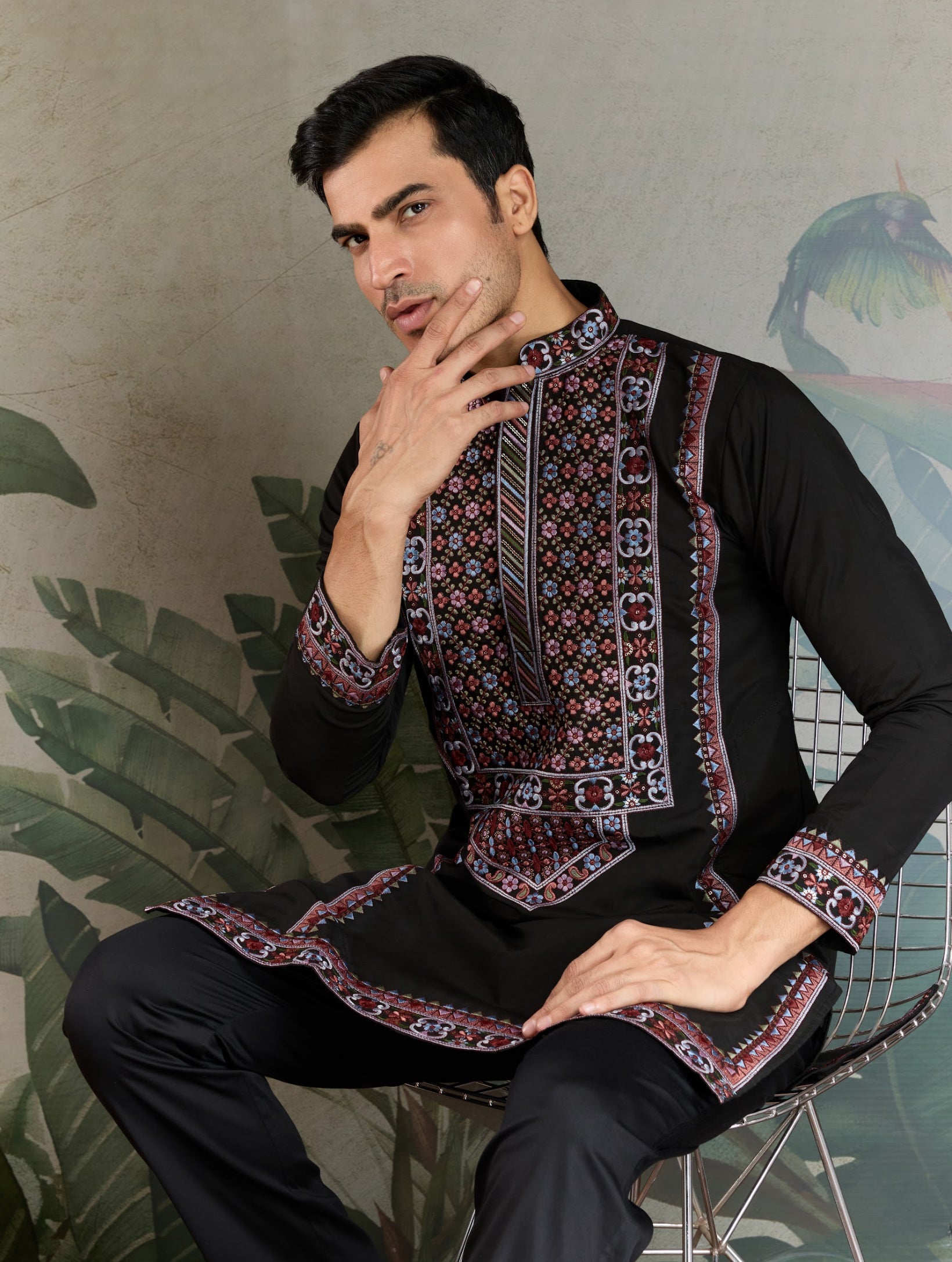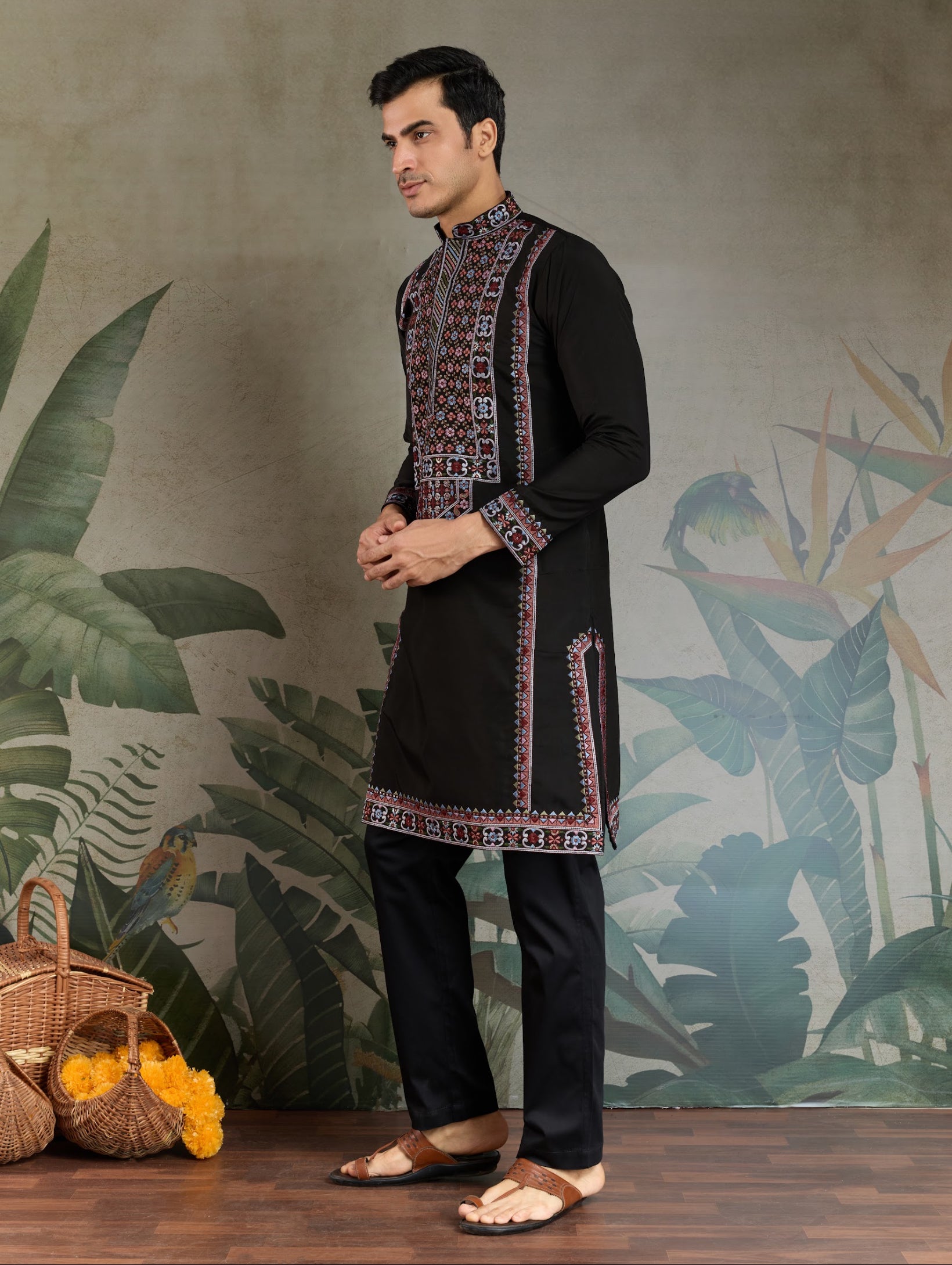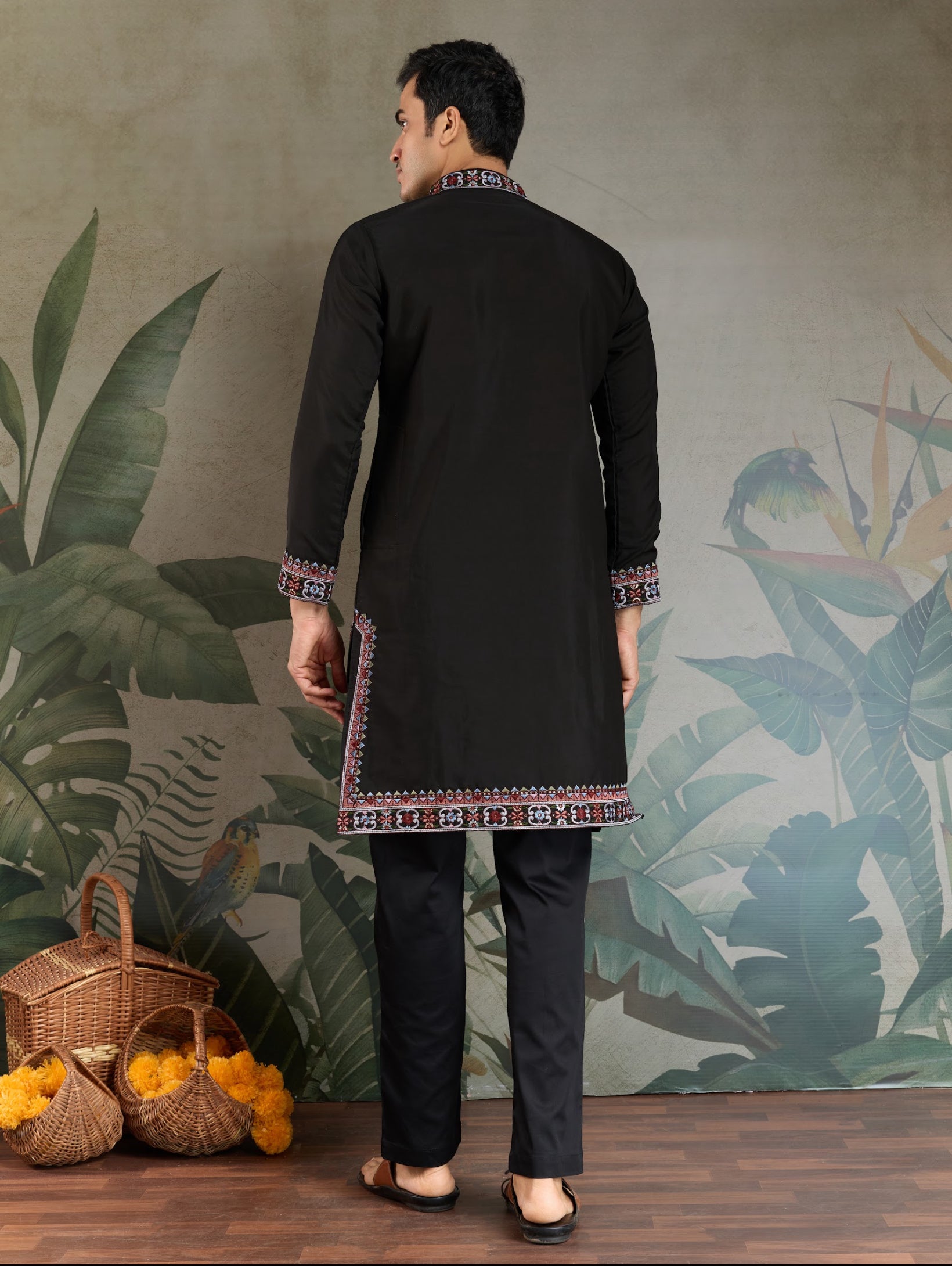 Kurta festif Homme noir en soie viscose avec broderies
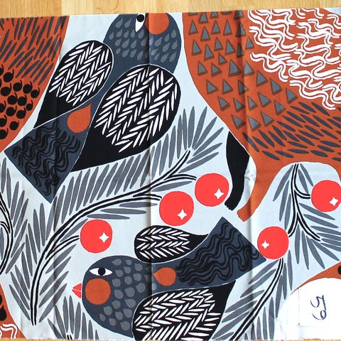Kuvassa näkyvä Ketunmarja-kangas, 145x36cm.
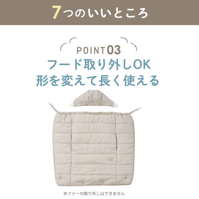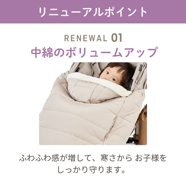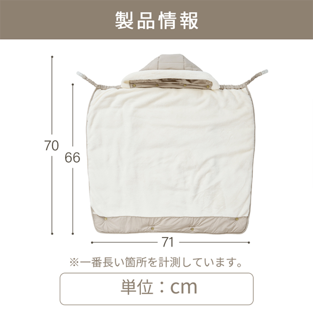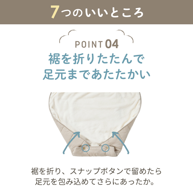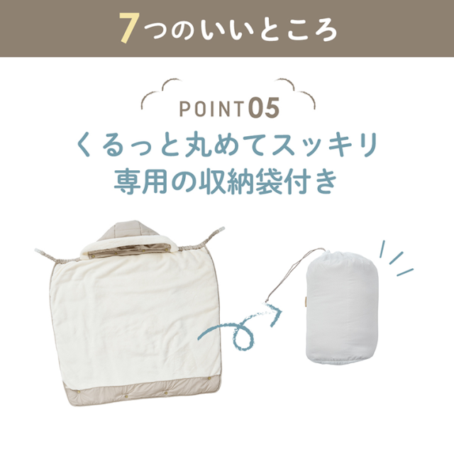 赤ちゃんを足元までやさしく包み込む、あったか防寒ケープ。
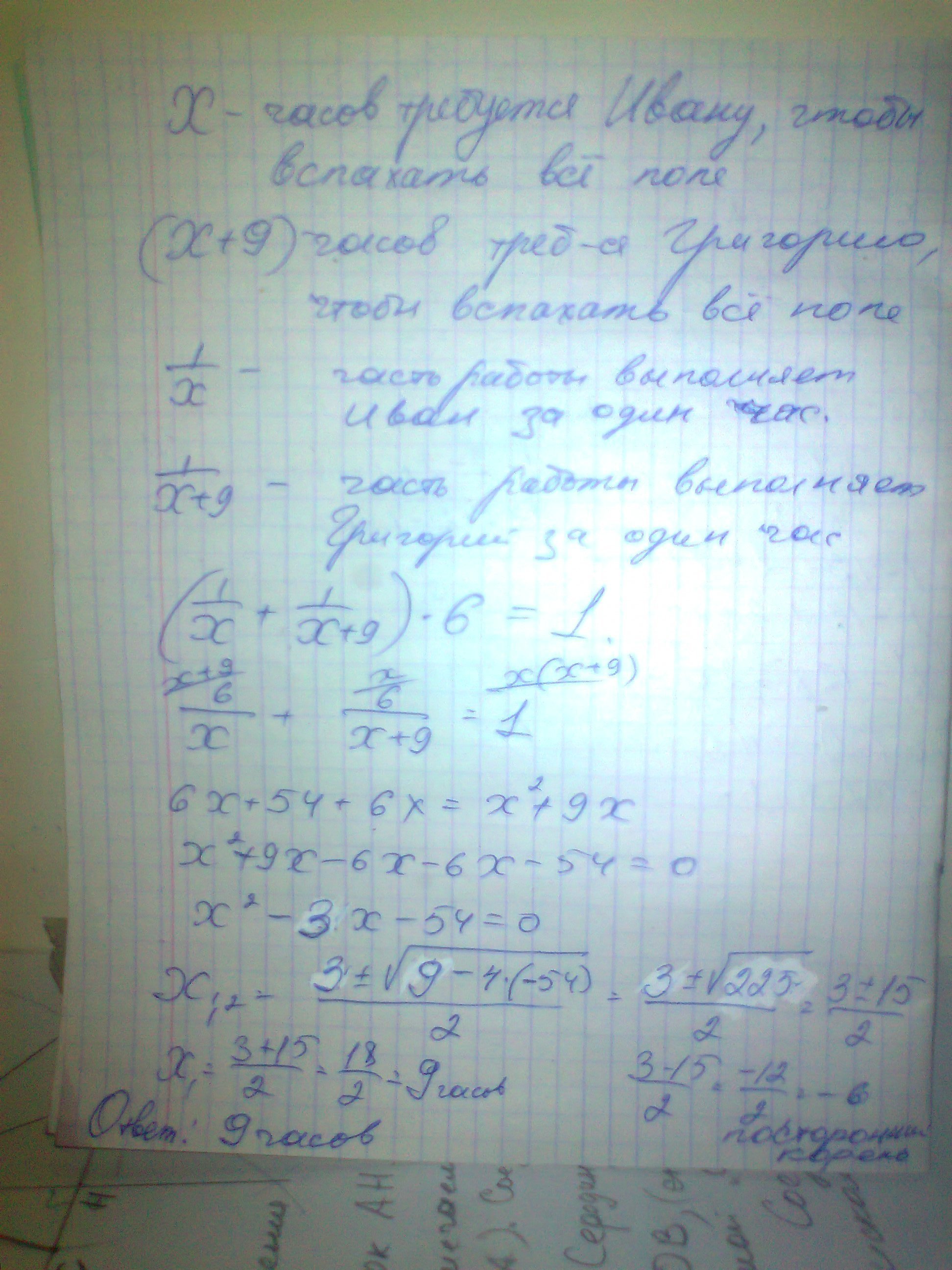 Два землепашца Иван и Григорий могут вспахать поле за 6 часов. За сколько часов Иван может вспахать всё поле, если Иван всю работу может сделать на 9 часов быстрее, чем Григорий?

## What is required
Your task is an exact transcription of all the data, minus the pictures.

## Exercise response
 Kurta festif Homme noir en soie viscose avec broderies
Kuvassa näkyvä Ketunmarja-kangas, 145x36cm.
 赤ちゃんを足元までやさしく包み込む、あったか防寒ケープ。
 Два землепашца Иван и Григорий могут вспахать поле за 6 часов. За сколько часов Иван может вспахать всё поле, если Иван всю работу может сделать на 9 часов быстрее, чем Григорий?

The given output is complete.